**Your objective**
Any picture in the range stays out of the copy; retype exactly the lines from the one with "NUMBER FIVE CRYSTAL" to the end of the listing.

**Data shown**
------

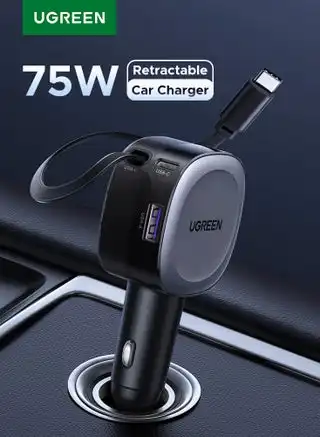 75W Car Charger Adapter USB Type C With 0.75M Retractable Cable With 2C1A Ports Tangle-Free Fast Charging, Fireproof PC Material Compatible With Macbook Pro Air, iPad, iPhone, Galaxy,Xiaomi
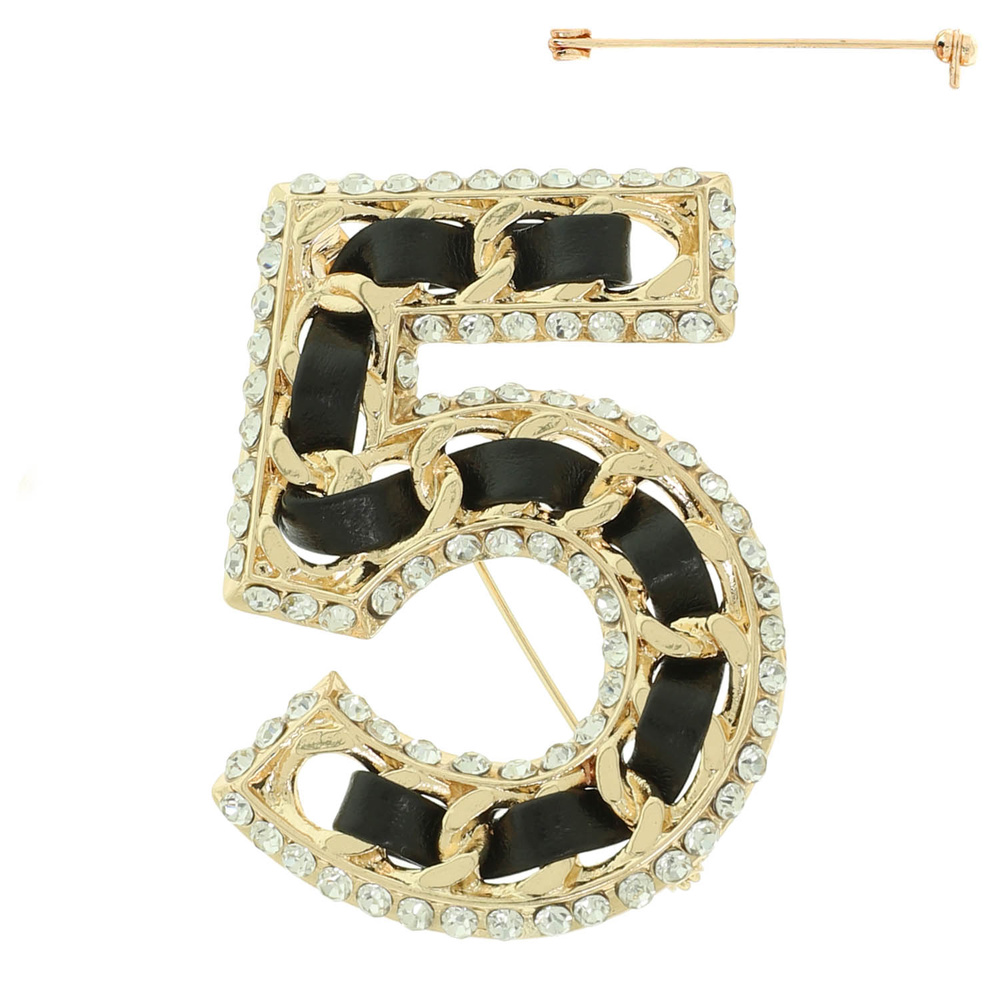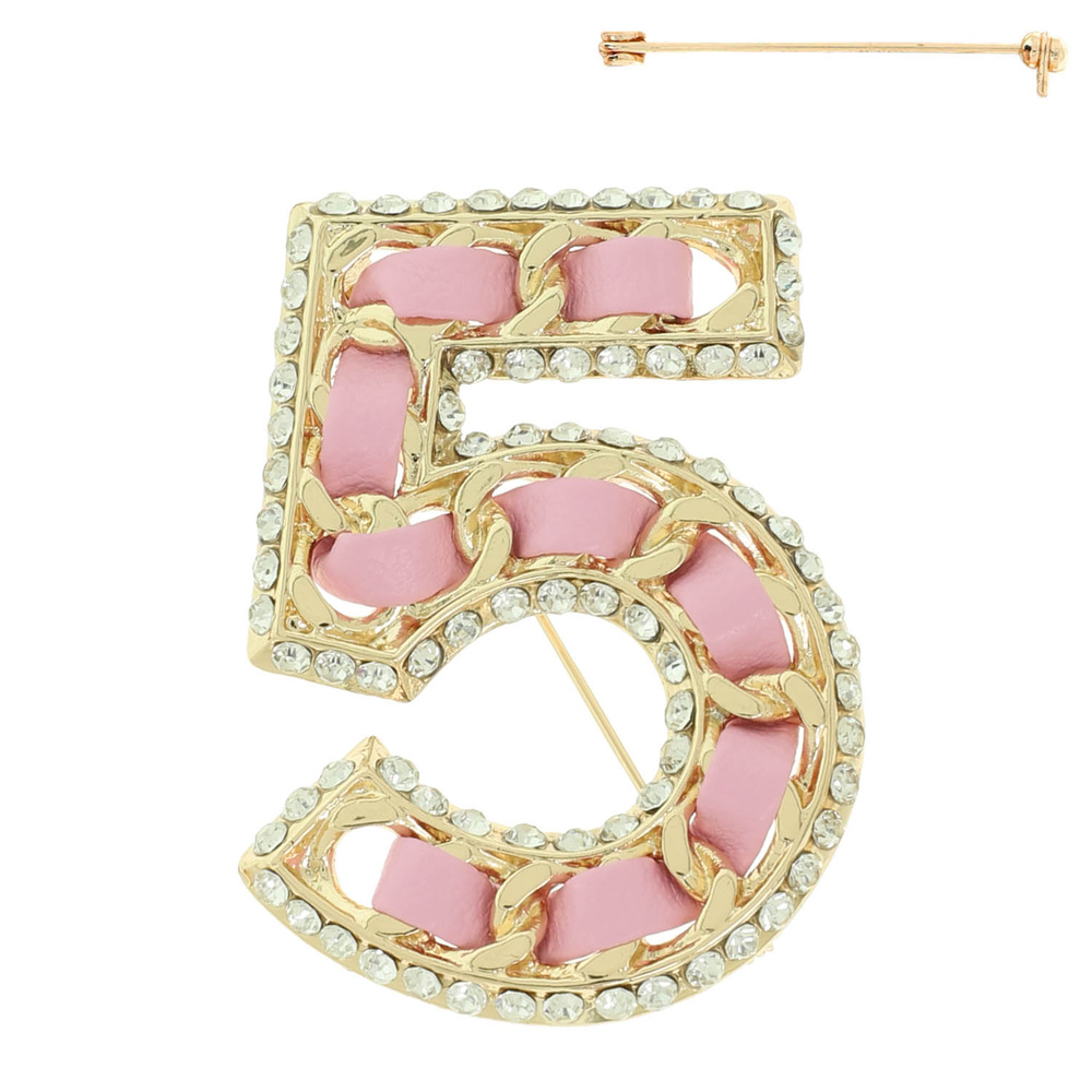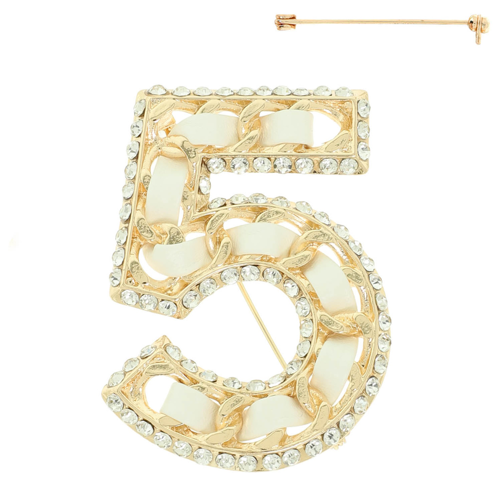 NUMBER FIVE CRYSTAL BROOCH PIN WITH WOVEN FABRIC PANEL
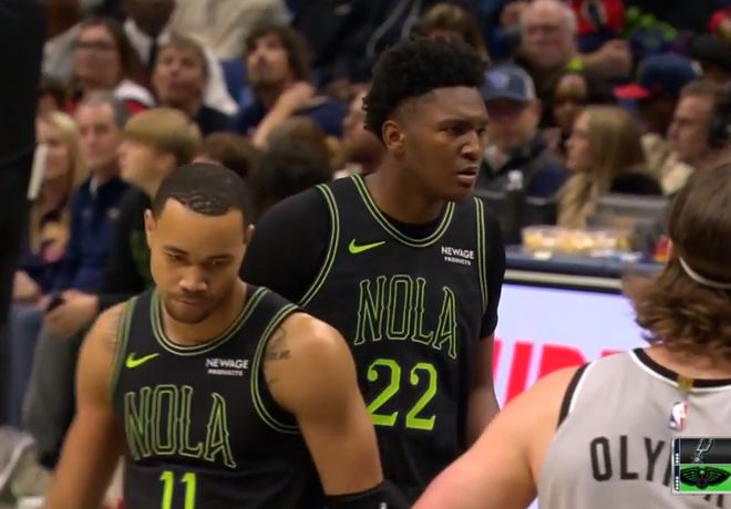 首节开打,琼斯抢断卡斯尔后,反击快下轻松上篮得手,拿到复出后首分,鹈鹕队先拔头筹。卡斯尔持球突破,放缓脚步控制节奏对抗上篮打进,立马还以颜色。随后两队进入多达3分钟的打铁大战,一分未得,琼斯突破抛投命中,终于打破两队得分荒。菲尔斯和巴恩斯互飙三分,尚帕尼三分偏出,凯尔登杀到篮下在对手背后强行完成补篮马刺领先到6分。阿尔瓦拉多三分强投命中后,又利用挡拆突破,助飞马特科维奇完成空接双手暴扣,鹈鹕将分差缩小至3分。尚帕尼连续命中两记三分,福克斯迎着防守强投三分压哨再中,首节打完,马刺35-25领先鹈鹕10分。
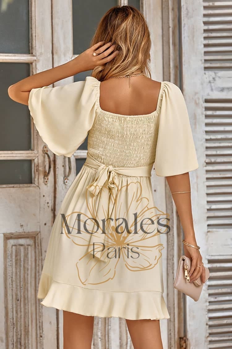 Robe courte à coupe cintrée et dos smocké Encolure en V et manches mi-longues évasées Disponible en Beige & Bleu ciel Fabrication en Polyester Habillez-vous d’une robe chic et champêtre Vous cherchez une tenue qui allie à la fois chic et décontraction ? Alors, optez pour cette robe cintrée aux accents bucoliques. Une coupe flatteuse qui met en […]

------

**Answer space**
 NUMBER FIVE CRYSTAL BROOCH PIN WITH WOVEN FABRIC PANEL
 首节开打,琼斯抢断卡斯尔后,反击快下轻松上篮得手,拿到复出后首分,鹈鹕队先拔头筹。卡斯尔持球突破,放缓脚步控制节奏对抗上篮打进,立马还以颜色。随后两队进入多达3分钟的打铁大战,一分未得,琼斯突破抛投命中,终于打破两队得分荒。菲尔斯和巴恩斯互飙三分,尚帕尼三分偏出,凯尔登杀到篮下在对手背后强行完成补篮马刺领先到6分。阿尔瓦拉多三分强投命中后,又利用挡拆突破,助飞马特科维奇完成空接双手暴扣,鹈鹕将分差缩小至3分。尚帕尼连续命中两记三分,福克斯迎着防守强投三分压哨再中,首节打完,马刺35-25领先鹈鹕10分。
 Robe courte à coupe cintrée et dos smocké Encolure en V et manches mi-longues évasées Disponible en Beige & Bleu ciel Fabrication en Polyester Habillez-vous d’une robe chic et champêtre Vous cherchez une tenue qui allie à la fois chic et décontraction ? Alors, optez pour cette robe cintrée aux accents bucoliques. Une coupe flatteuse qui met en […]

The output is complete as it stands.